PROBLEM DESCRIPTION:
Restate word for word the lines between the start of the material and the line with "Это карликовый сорт", keeping both of those ends and none of the pictures.

GIVEN ENTRIES:
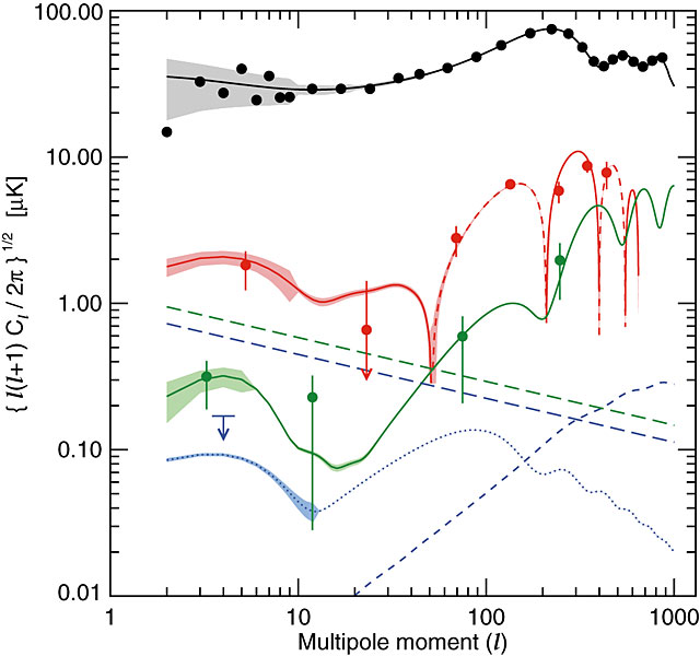 The horizontal scale is logarithmic up to l = 100, linear thereafter. |
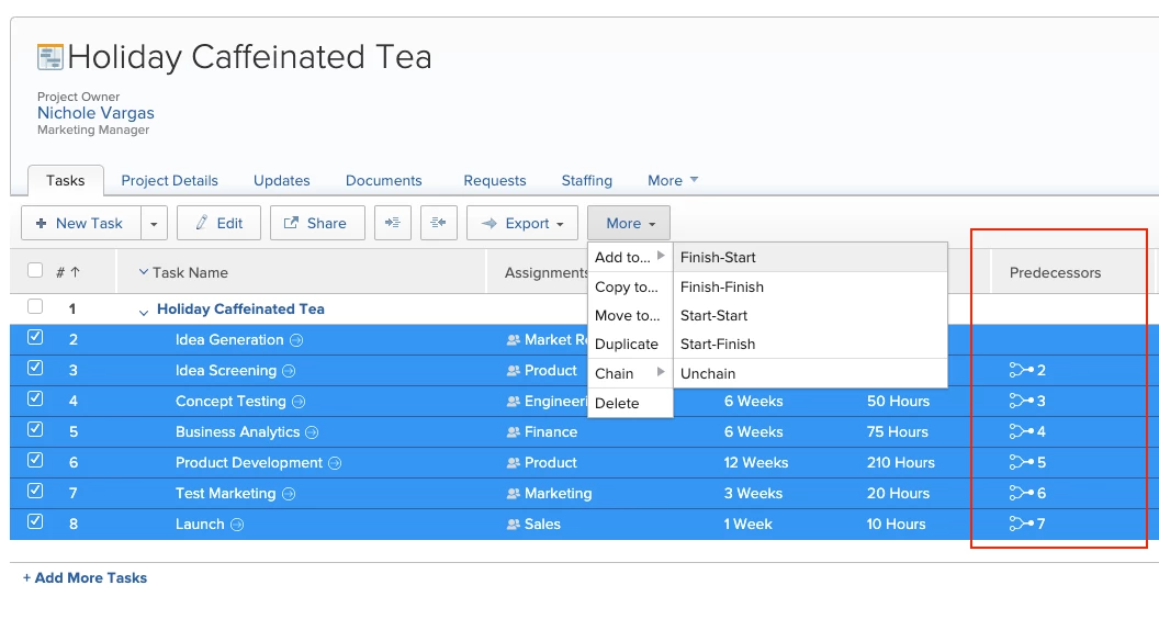 Example #1: The Product team is developing a new line of caffeinated tea for the holiday season. The following tasks have been added to the project timeline:
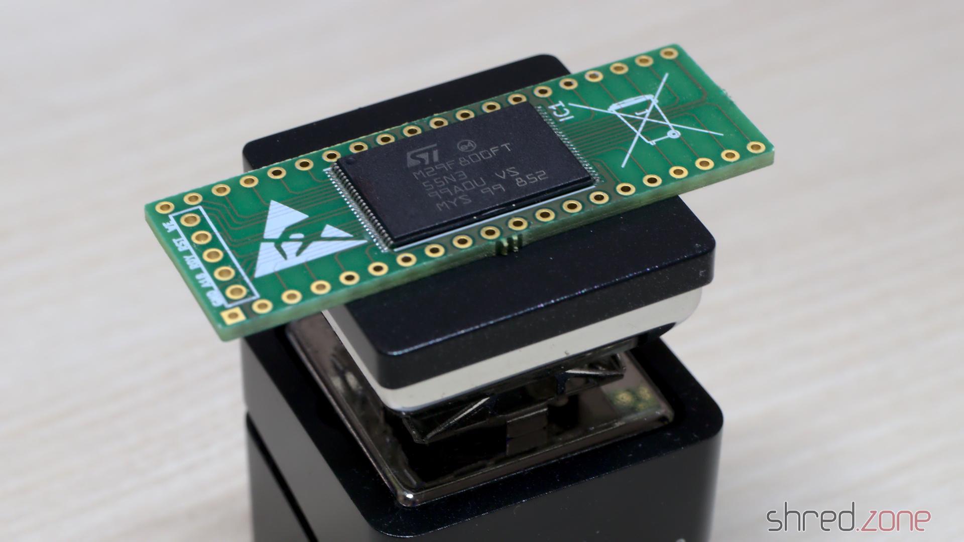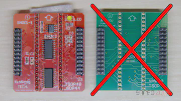 Beachte, dass du das aktive Base Board (SN001, rot auf dem Foto) benötigst. Das Standard-TSOP48-Base-Board (grün) funktioniert hier nicht.
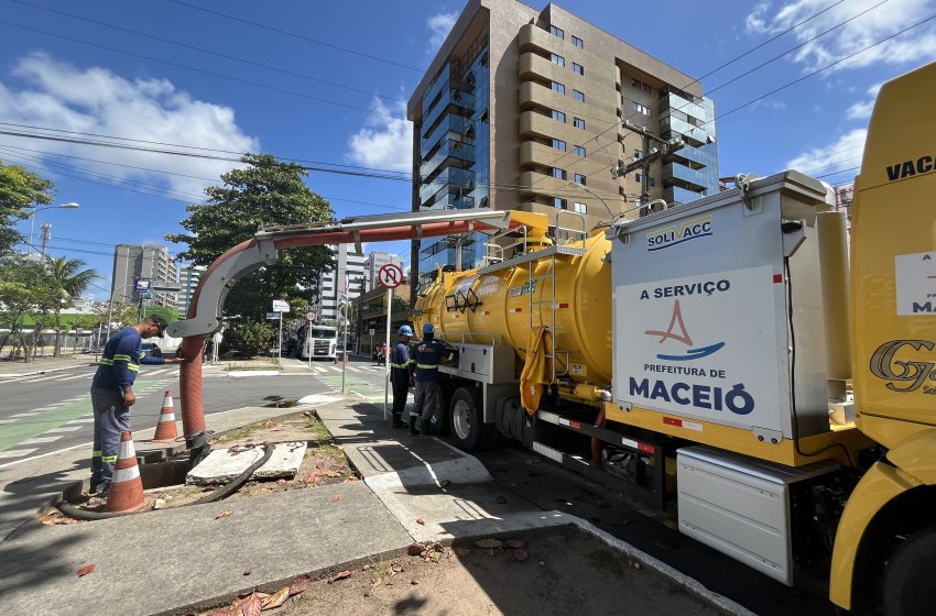 A Secretaria Municipal de Infraestrutura (Seminfra) realizou, nesta segunda-feira (12), uma ação preventiva de limpeza, manutenção e desobstrução da rede de drenagem da Avenida Sandoval Arroxelas, no bairro Ponta Verde. A ação tem como objetivo melhorar o escoamento da água da chuva e evitar alagamentos, especialmente durante o período chuvoso.
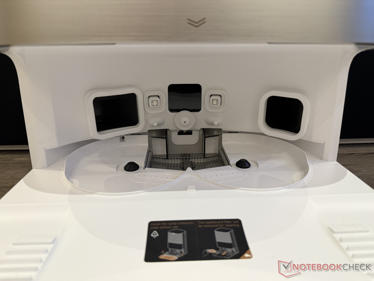 Beeindruckend ist das ProLeap System. Es sieht spektakulär aus, wenn sich der Saugroboter mit seinen Beinen aufbockt und so vom Boden erhebt. Bis er dies das erste Mal getan hat, benötigte es im Test des Dreame X50 Ultra Complete aber etwas Bastelei. Auf ein 15 mm hohes Brett als Testhürde ist der Roboter auf die unsanfte und klassische Art und Weise ohne ProLeap hinaufgerumpelt, wie es Saugroboter bis zu einer gewissen Höhe seit Jahren können. Ein 2,5 cm hohes Brett als vorgegaukelter Höhenunterschied hat er hingegen zunächst ständig umfahren.
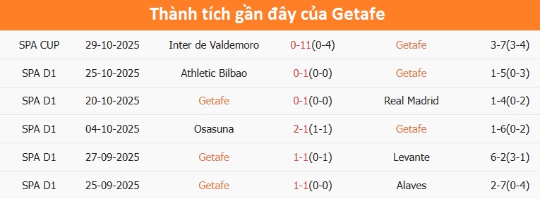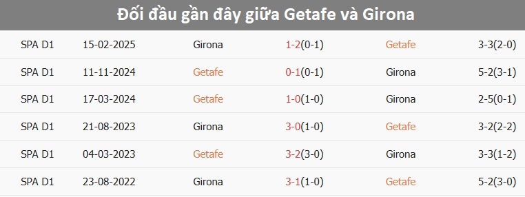 Tỷ lệ trận đấu: Getafe thắng Girona 2/3 cuộc đối đầu mới nhất theo tỷ số châu Á. Getafe cũng thắng cả 2 trận vừa qua. Ngược lại, Girona thua cả 2 trận gần đây.
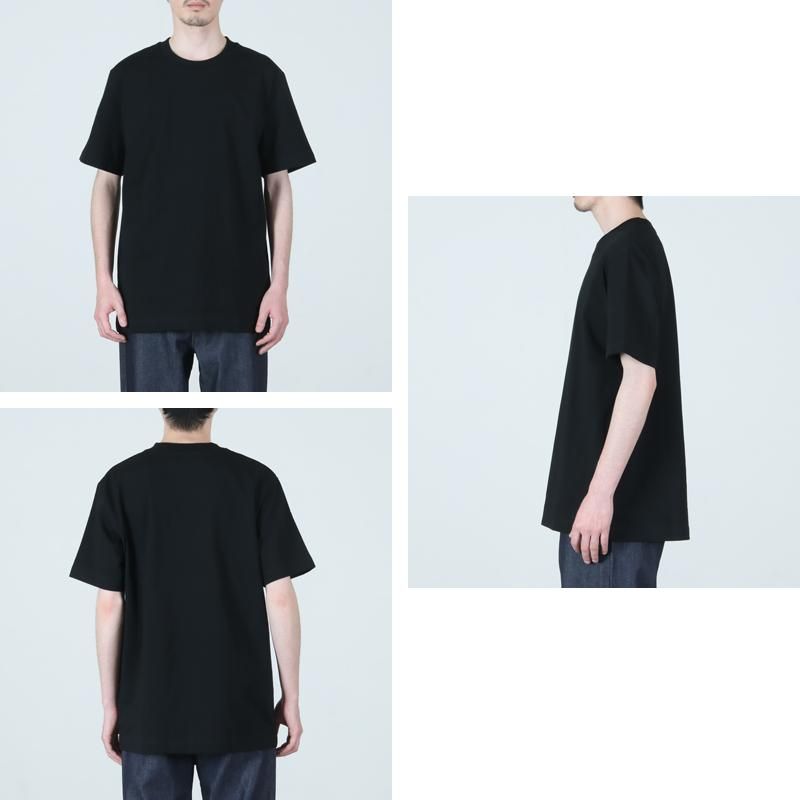 シンプルなブラックとホワイトのハーフスリーブTシャツで、前左裾にさりげなくA.P.C.のブランドネームの刺繍があしらわれています。
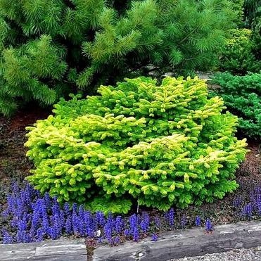 Это карликовый сорт пихты корейской. Форма- плотная, сферическая, немного сплющенная, высота 0,3м и ширина 0,4м. Хвоя короткая, мягкая, блестящая, с нижней стороны серебристая. Молодые приросты- сочного светло-зеленого цвета.
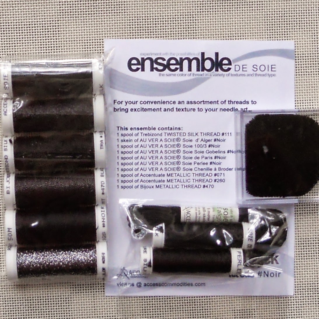 Sometimes your stitching something black, but what kind of black is it?  Should it have a sheen and yet that just doesn’t cut it.  Hmmm maybe if I add a little shimmer that will be better.  Or stitching white flowers and yet all the white flowers can’t be the same as the next or the bouquet will look like a mass instead of individual flowers.  So maybe you need to manipulate each of the whites.  Thats where these kits assembled by Access Commodities come in handy.  Here are few with more colors available.

ANSWER TO THIS PROBLEM:
 The horizontal scale is logarithmic up to l = 100, linear thereafter. |
 Example #1: The Product team is developing a new line of caffeinated tea for the holiday season. The following tasks have been added to the project timeline:
 Beachte, dass du das aktive Base Board (SN001, rot auf dem Foto) benötigst. Das Standard-TSOP48-Base-Board (grün) funktioniert hier nicht.
 A Secretaria Municipal de Infraestrutura (Seminfra) realizou, nesta segunda-feira (12), uma ação preventiva de limpeza, manutenção e desobstrução da rede de drenagem da Avenida Sandoval Arroxelas, no bairro Ponta Verde. A ação tem como objetivo melhorar o escoamento da água da chuva e evitar alagamentos, especialmente durante o período chuvoso.
 Beeindruckend ist das ProLeap System. Es sieht spektakulär aus, wenn sich der Saugroboter mit seinen Beinen aufbockt und so vom Boden erhebt. Bis er dies das erste Mal getan hat, benötigte es im Test des Dreame X50 Ultra Complete aber etwas Bastelei. Auf ein 15 mm hohes Brett als Testhürde ist der Roboter auf die unsanfte und klassische Art und Weise ohne ProLeap hinaufgerumpelt, wie es Saugroboter bis zu einer gewissen Höhe seit Jahren können. Ein 2,5 cm hohes Brett als vorgegaukelter Höhenunterschied hat er hingegen zunächst ständig umfahren.
 Tỷ lệ trận đấu: Getafe thắng Girona 2/3 cuộc đối đầu mới nhất theo tỷ số châu Á. Getafe cũng thắng cả 2 trận vừa qua. Ngược lại, Girona thua cả 2 trận gần đây.
 シンプルなブラックとホワイトのハーフスリーブTシャツで、前左裾にさりげなくA.P.C.のブランドネームの刺繍があしらわれています。
 Это карликовый сорт пихты корейской. Форма- плотная, сферическая, немного сплющенная, высота 0,3м и ширина 0,4м. Хвоя короткая, мягкая, блестящая, с нижней стороны серебристая. Молодые приросты- сочного светло-зеленого цвета.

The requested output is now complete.